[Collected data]
=== Begin Enclosure ===

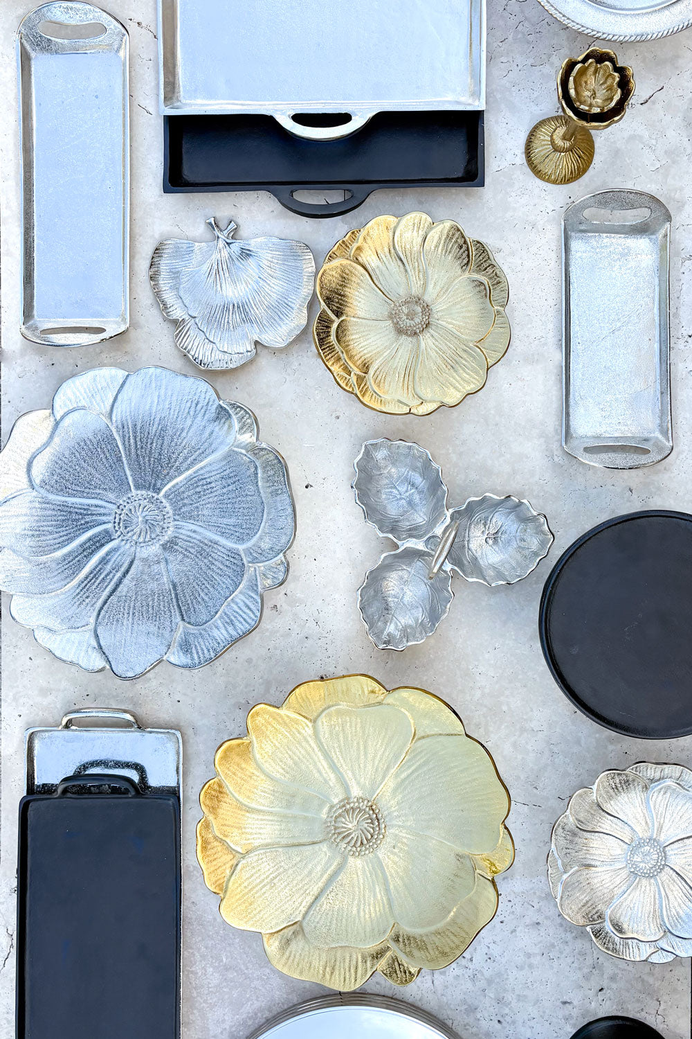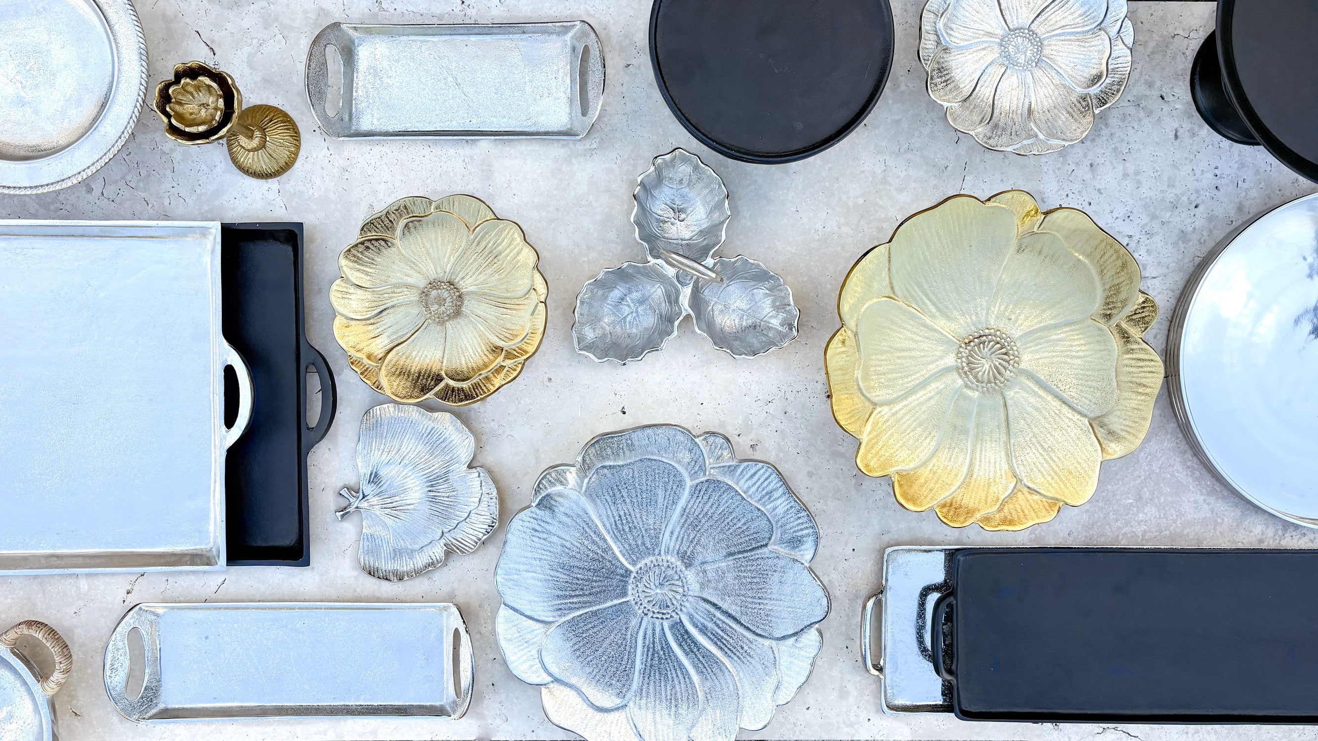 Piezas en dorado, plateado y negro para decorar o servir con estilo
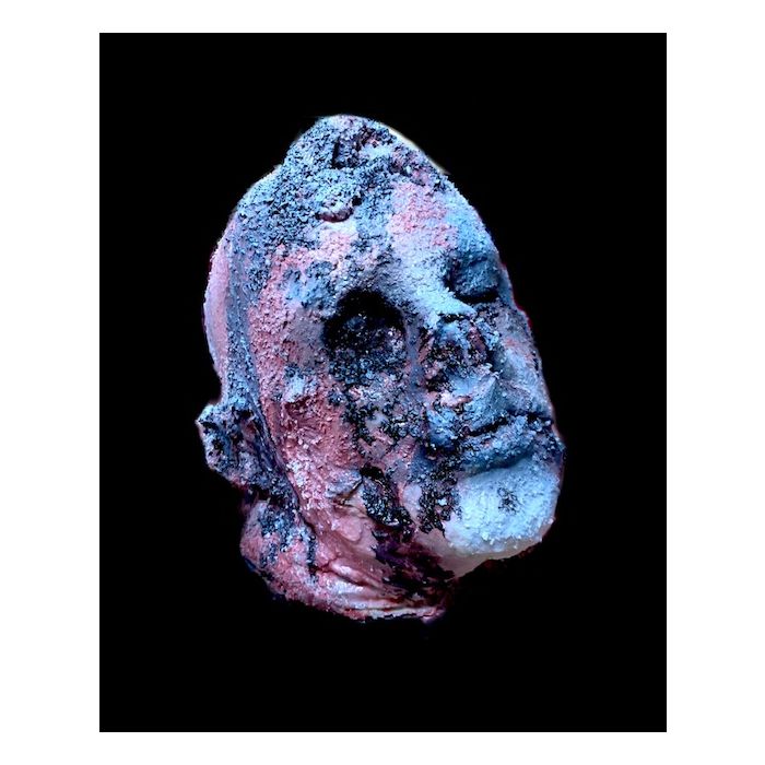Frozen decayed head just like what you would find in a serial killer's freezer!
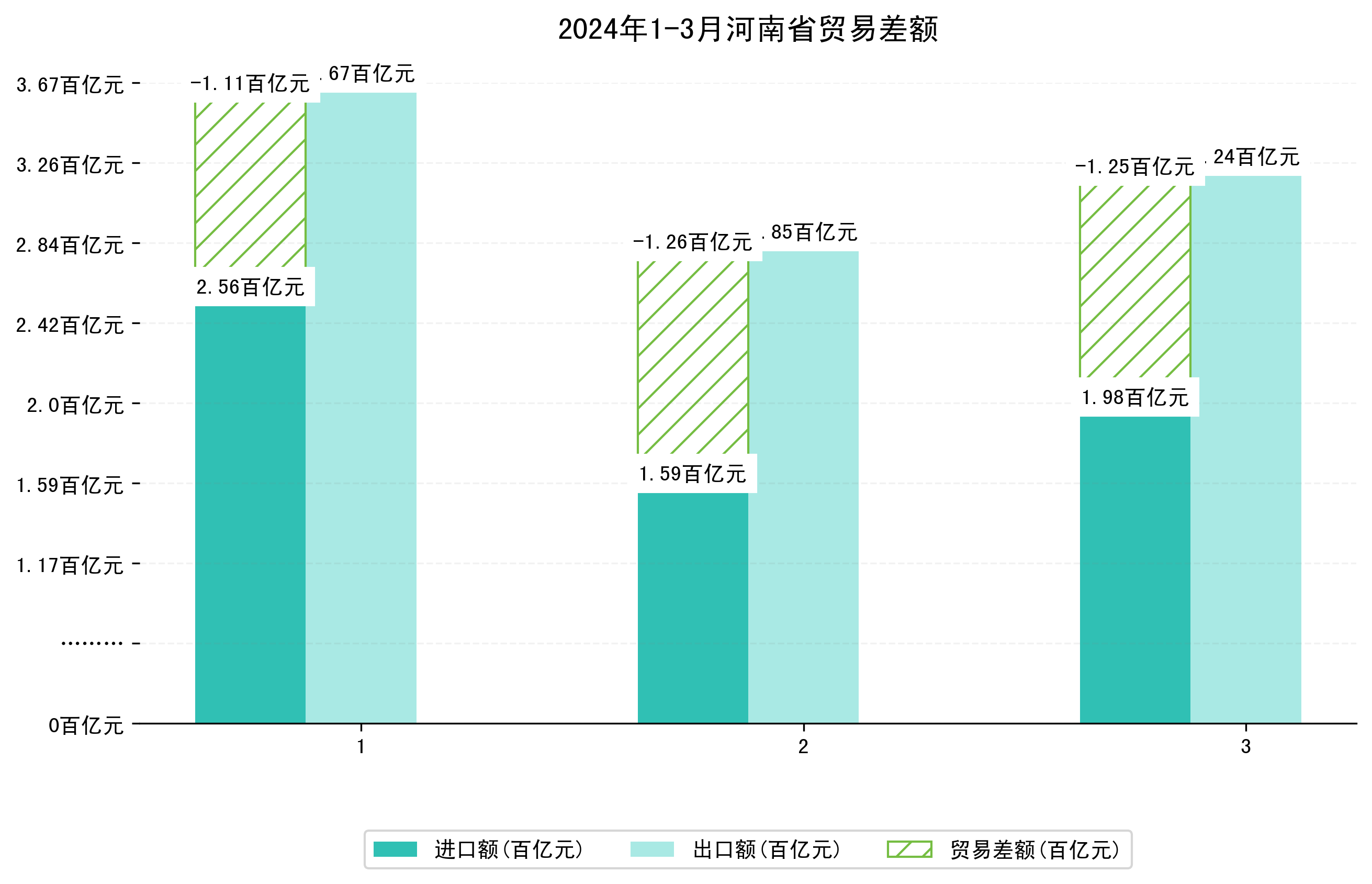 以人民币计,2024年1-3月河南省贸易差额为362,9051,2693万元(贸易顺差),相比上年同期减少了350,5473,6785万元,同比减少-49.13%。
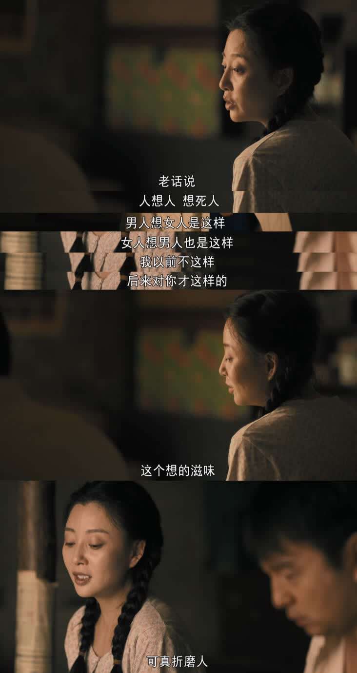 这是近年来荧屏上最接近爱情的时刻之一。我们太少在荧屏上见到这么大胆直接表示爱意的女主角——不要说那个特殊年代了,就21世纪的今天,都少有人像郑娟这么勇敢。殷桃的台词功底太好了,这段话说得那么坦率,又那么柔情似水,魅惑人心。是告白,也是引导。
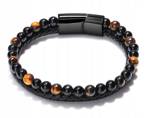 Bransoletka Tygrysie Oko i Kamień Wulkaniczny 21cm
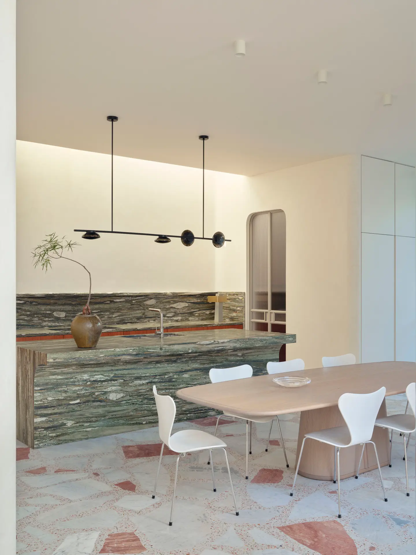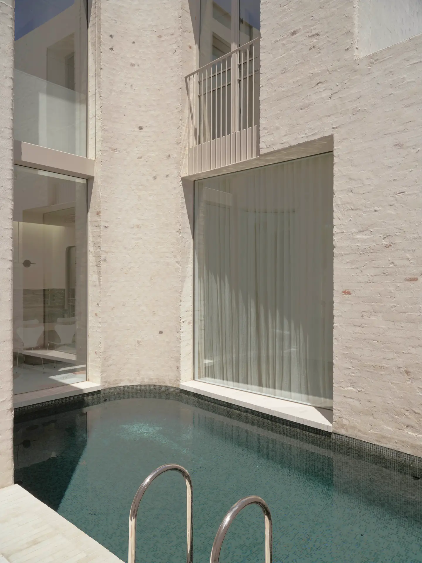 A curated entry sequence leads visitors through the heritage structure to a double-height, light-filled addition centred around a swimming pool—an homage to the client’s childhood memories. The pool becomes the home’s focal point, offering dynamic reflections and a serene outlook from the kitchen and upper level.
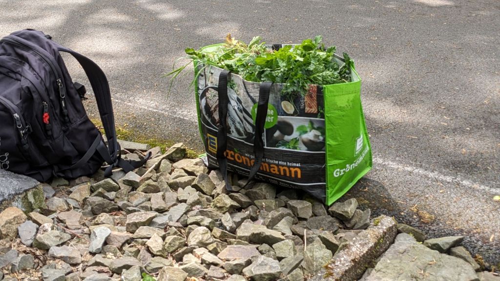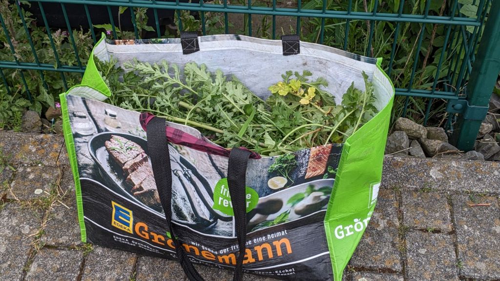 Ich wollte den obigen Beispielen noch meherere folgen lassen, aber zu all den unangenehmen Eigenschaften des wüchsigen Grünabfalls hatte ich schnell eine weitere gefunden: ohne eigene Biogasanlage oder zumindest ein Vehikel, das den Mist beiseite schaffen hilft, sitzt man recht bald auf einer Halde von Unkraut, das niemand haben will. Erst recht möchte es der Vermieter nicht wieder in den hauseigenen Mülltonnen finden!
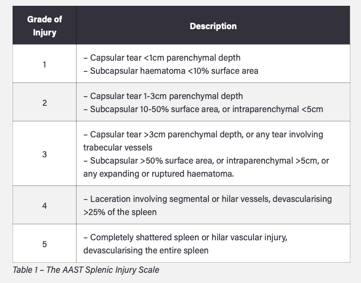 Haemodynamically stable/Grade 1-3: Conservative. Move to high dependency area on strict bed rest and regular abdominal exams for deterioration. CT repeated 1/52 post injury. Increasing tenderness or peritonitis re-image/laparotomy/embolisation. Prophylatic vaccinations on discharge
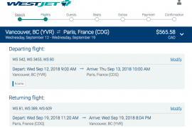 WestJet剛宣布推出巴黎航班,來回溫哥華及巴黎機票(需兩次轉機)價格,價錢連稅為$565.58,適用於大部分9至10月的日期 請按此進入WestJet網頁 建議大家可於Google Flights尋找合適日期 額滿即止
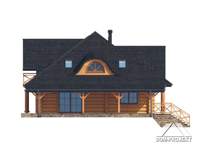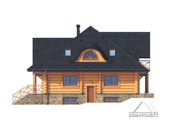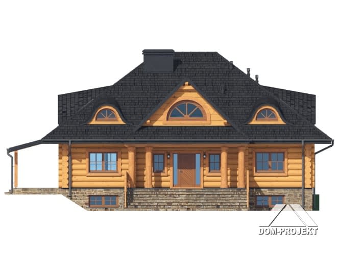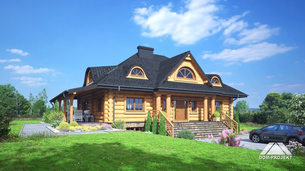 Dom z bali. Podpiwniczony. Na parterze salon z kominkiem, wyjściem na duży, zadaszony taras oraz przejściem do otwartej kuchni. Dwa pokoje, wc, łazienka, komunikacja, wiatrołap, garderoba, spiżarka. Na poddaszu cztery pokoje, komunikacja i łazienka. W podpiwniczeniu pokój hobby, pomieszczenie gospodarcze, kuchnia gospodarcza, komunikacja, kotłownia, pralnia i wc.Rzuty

=== End Enclosure ===

● **What needs to be done**
Starting with the line that contains "Haemodynamically stable/Grade 1-3: Conservative.", give the lines again exactly as they appear through the last line of the data, pictures excluded.

● **Answer area**
 Haemodynamically stable/Grade 1-3: Conservative. Move to high dependency area on strict bed rest and regular abdominal exams for deterioration. CT repeated 1/52 post injury. Increasing tenderness or peritonitis re-image/laparotomy/embolisation. Prophylatic vaccinations on discharge
 WestJet剛宣布推出巴黎航班,來回溫哥華及巴黎機票(需兩次轉機)價格,價錢連稅為$565.58,適用於大部分9至10月的日期 請按此進入WestJet網頁 建議大家可於Google Flights尋找合適日期 額滿即止
 Dom z bali. Podpiwniczony. Na parterze salon z kominkiem, wyjściem na duży, zadaszony taras oraz przejściem do otwartej kuchni. Dwa pokoje, wc, łazienka, komunikacja, wiatrołap, garderoba, spiżarka. Na poddaszu cztery pokoje, komunikacja i łazienka. W podpiwniczeniu pokój hobby, pomieszczenie gospodarcze, kuchnia gospodarcza, komunikacja, kotłownia, pralnia i wc.Rzuty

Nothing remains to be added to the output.